TASK TO CARRY OUT: All of the data that follows is to be written out exactly, with images excluded.

Stored data entries:
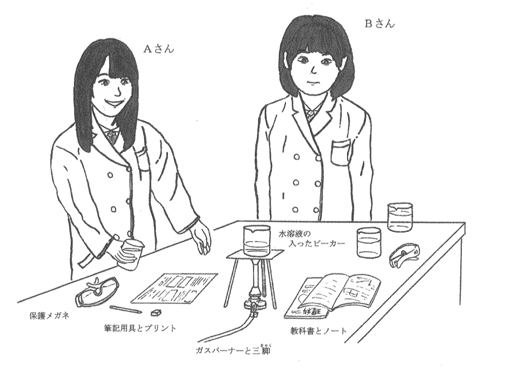 〔1〕下の図では、AさんとBさんが実験を行なっています。各問いに答えなさい。
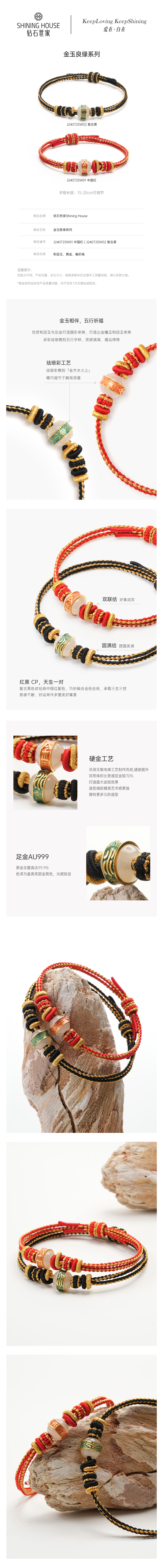 【定价黄金】【限时8折】【现货】钻石世家 足金和田玉手绳 情侣手绳 金玉良缘520手串手绳手链
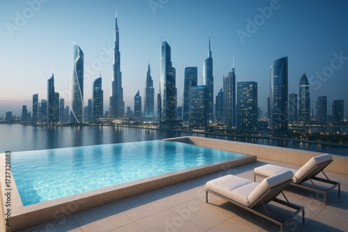 Futuristic skyline of modern skyscrapers at dusk seen from luxury rooftop pool with lounge chairs overlooking water in illuminated cityscape concept. Ai generative
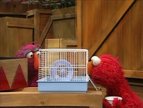 SCENE 3 | Elmo continues watching Sweetie Pie when he notices his water dish is empty. Elmo wonders what to do - he can't leave his post, but Sweetie Pie needs water. He opens the cage door and grabs the water dish, promising to only be gone a minute while he runs over to Hooper's Store. Just as he leaves, Sweetie Pie starts crawling over the open cage door... |
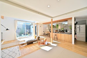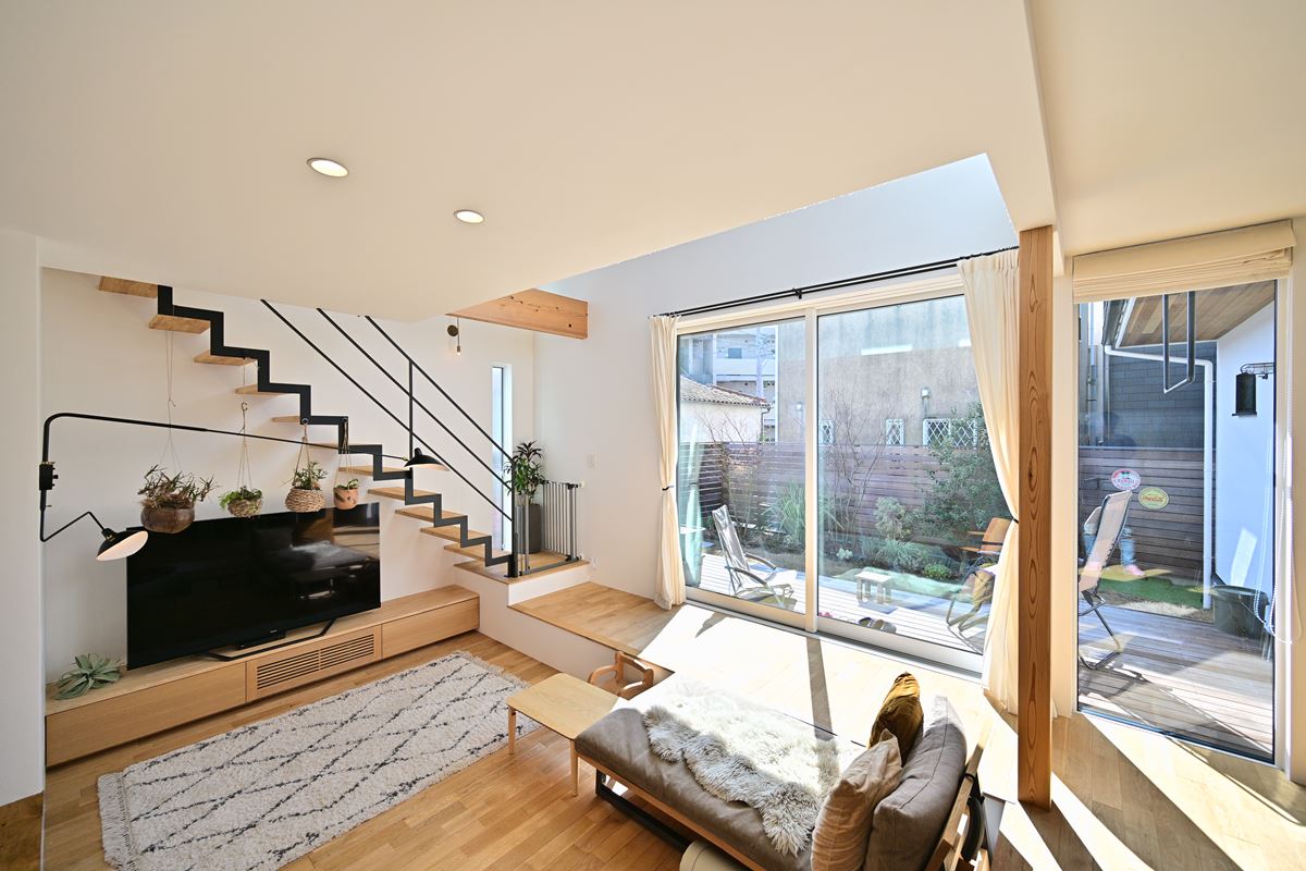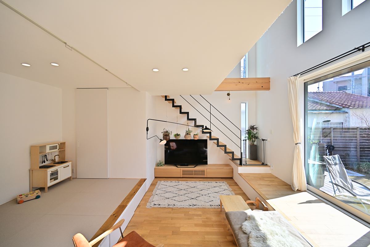 リビングはダウンフロアにすることでベンチのようにも使えます。
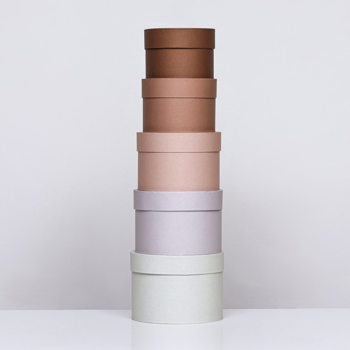 Набор круглых подарочных коробок 5 в 1"Кофе", 20 х 14 - 15 х10 см
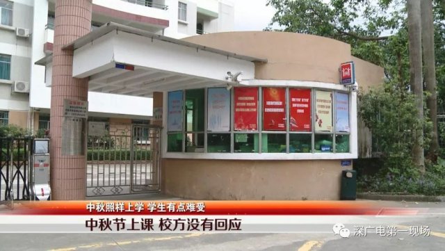 今天,記者在深圳明珠學(xué)校大門口從上午十點(diǎn)多一直等到中午十二點(diǎn),期待校方就高三學(xué)生中秋節(jié)上課的情況,予以回應(yīng)??墒牵T衛(wèi)保安多次聯(lián)系校方領(lǐng)導(dǎo),自始至終,校方都沒(méi)有人出面接受記者采訪。
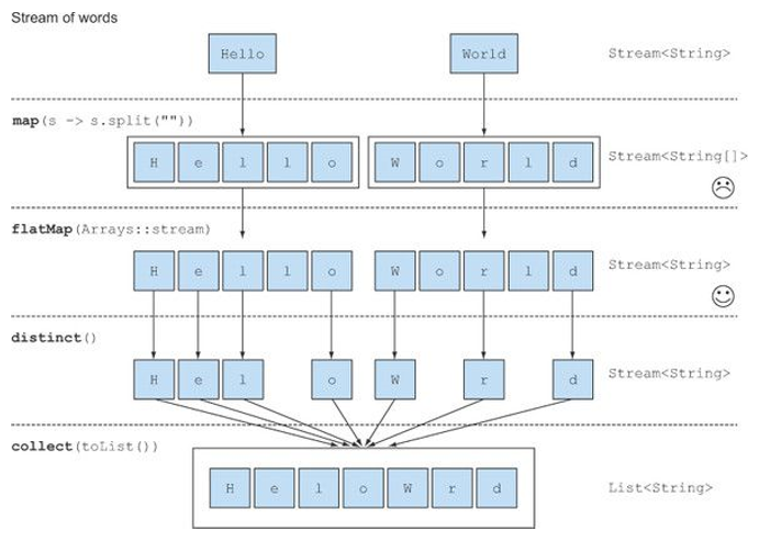 flatMap | Stream<R> | Function<T, Stream<R>> | T → Stream<R> | |
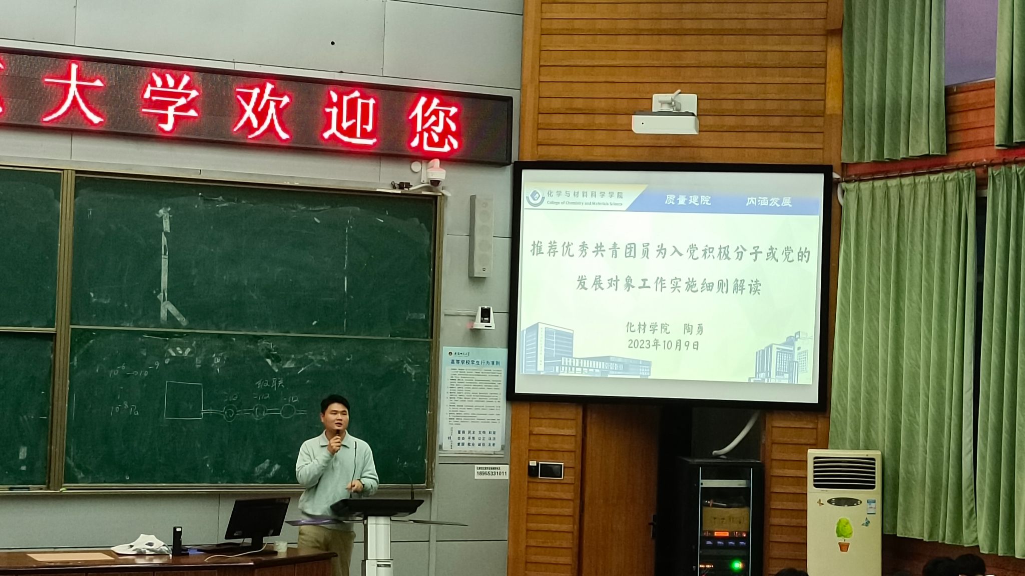 盛莹)为做好本学期入党“推优”工作,使化材学子充分熟悉“推优”工作的基本流程,鼓励更多优秀学子积极向党组织靠拢。10月9日下午,2021级化学(师范)、化学(非师范)专业在行知楼2010105教室开展推荐优秀共青团员为入党积极分子或党的发展对象工作实施细则解读主题班会,会议由辅导员陶勇主持。
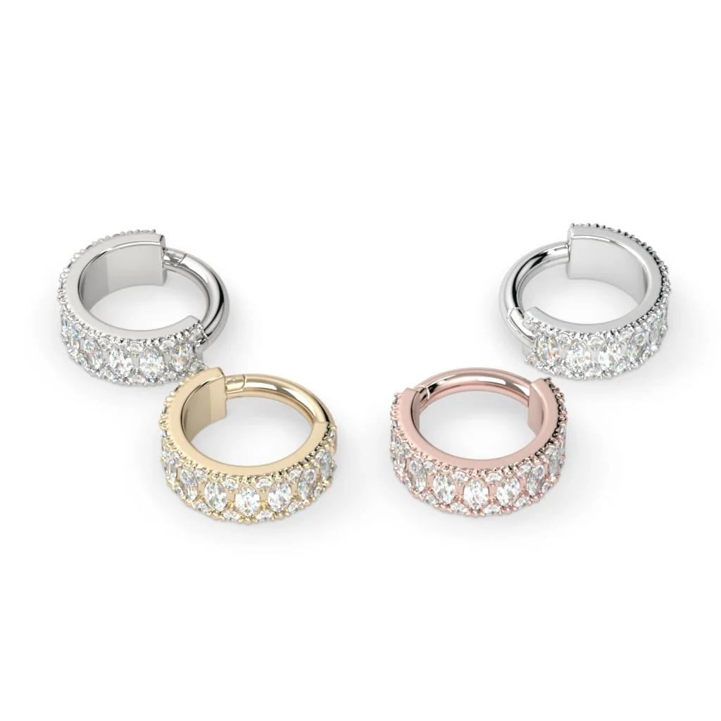 The stunning Raeya clicker, features a total of 32 stones, available in 16G, 5/16". The band of gemstones, create a chunky-glam aesthetic, perfect to hug the helix.
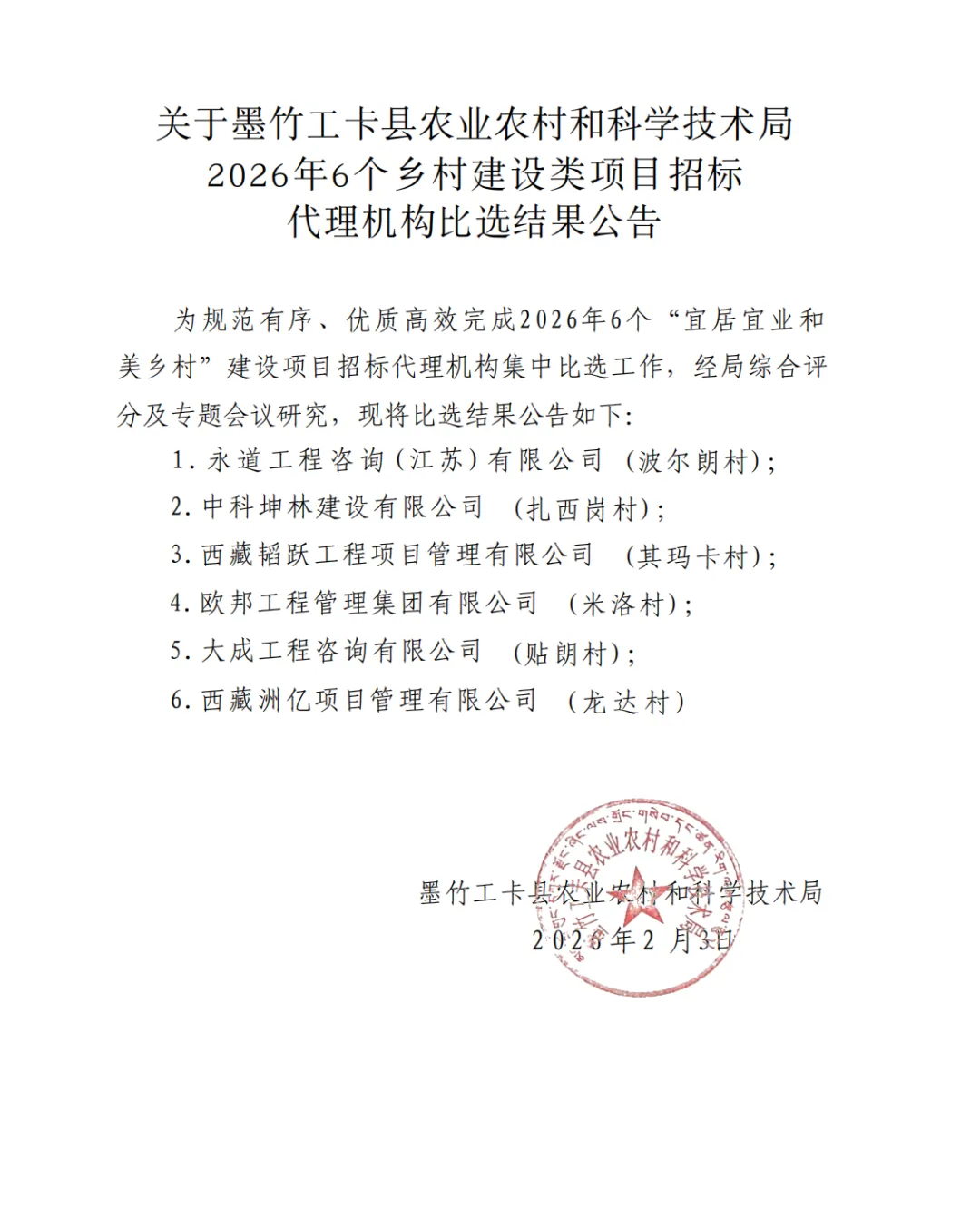 关于墨竹工卡县农业农村和科学技术局2026年6个乡村建设类项目招标代理机构比选结果公告
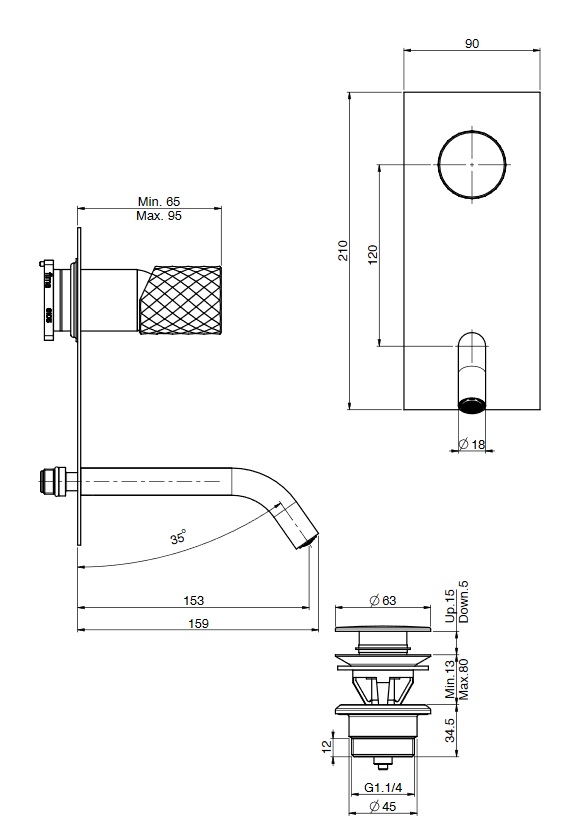 Carlo Frattini Spillo Tech Bateria umywalkowa ścienna z korkiem Chrom F3051VX5VCR
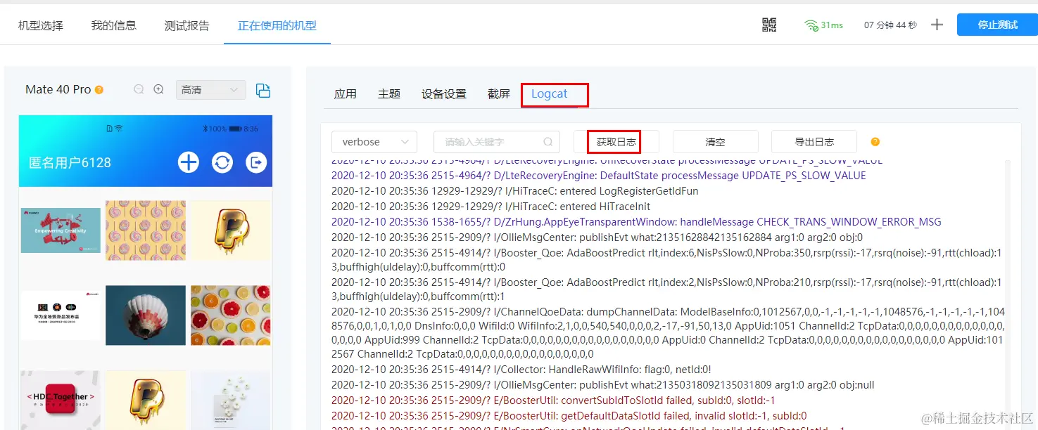 4、 Logcat**:**也就是系统日志,点击获取日志,就可以随时查看Android的系统日志,简直是开发测试的好帮手,所有的日志一目了然,还是随时进行导出。

EXERCISE RESULT:
 〔1〕下の図では、AさんとBさんが実験を行なっています。各問いに答えなさい。
 【定价黄金】【限时8折】【现货】钻石世家 足金和田玉手绳 情侣手绳 金玉良缘520手串手绳手链
 Futuristic skyline of modern skyscrapers at dusk seen from luxury rooftop pool with lounge chairs overlooking water in illuminated cityscape concept. Ai generative
 SCENE 3 | Elmo continues watching Sweetie Pie when he notices his water dish is empty. Elmo wonders what to do - he can't leave his post, but Sweetie Pie needs water. He opens the cage door and grabs the water dish, promising to only be gone a minute while he runs over to Hooper's Store. Just as he leaves, Sweetie Pie starts crawling over the open cage door... |
 リビングはダウンフロアにすることでベンチのようにも使えます。
 Набор круглых подарочных коробок 5 в 1"Кофе", 20 х 14 - 15 х10 см
 今天,記者在深圳明珠學(xué)校大門口從上午十點(diǎn)多一直等到中午十二點(diǎn),期待校方就高三學(xué)生中秋節(jié)上課的情況,予以回應(yīng)??墒牵T衛(wèi)保安多次聯(lián)系校方領(lǐng)導(dǎo),自始至終,校方都沒(méi)有人出面接受記者采訪。
 flatMap | Stream<R> | Function<T, Stream<R>> | T → Stream<R> | |
 盛莹)为做好本学期入党“推优”工作,使化材学子充分熟悉“推优”工作的基本流程,鼓励更多优秀学子积极向党组织靠拢。10月9日下午,2021级化学(师范)、化学(非师范)专业在行知楼2010105教室开展推荐优秀共青团员为入党积极分子或党的发展对象工作实施细则解读主题班会,会议由辅导员陶勇主持。
 The stunning Raeya clicker, features a total of 32 stones, available in 16G, 5/16". The band of gemstones, create a chunky-glam aesthetic, perfect to hug the helix.
 关于墨竹工卡县农业农村和科学技术局2026年6个乡村建设类项目招标代理机构比选结果公告
 Carlo Frattini Spillo Tech Bateria umywalkowa ścienna z korkiem Chrom F3051VX5VCR
 4、 Logcat**:**也就是系统日志,点击获取日志,就可以随时查看Android的系统日志,简直是开发测试的好帮手,所有的日志一目了然,还是随时进行导出。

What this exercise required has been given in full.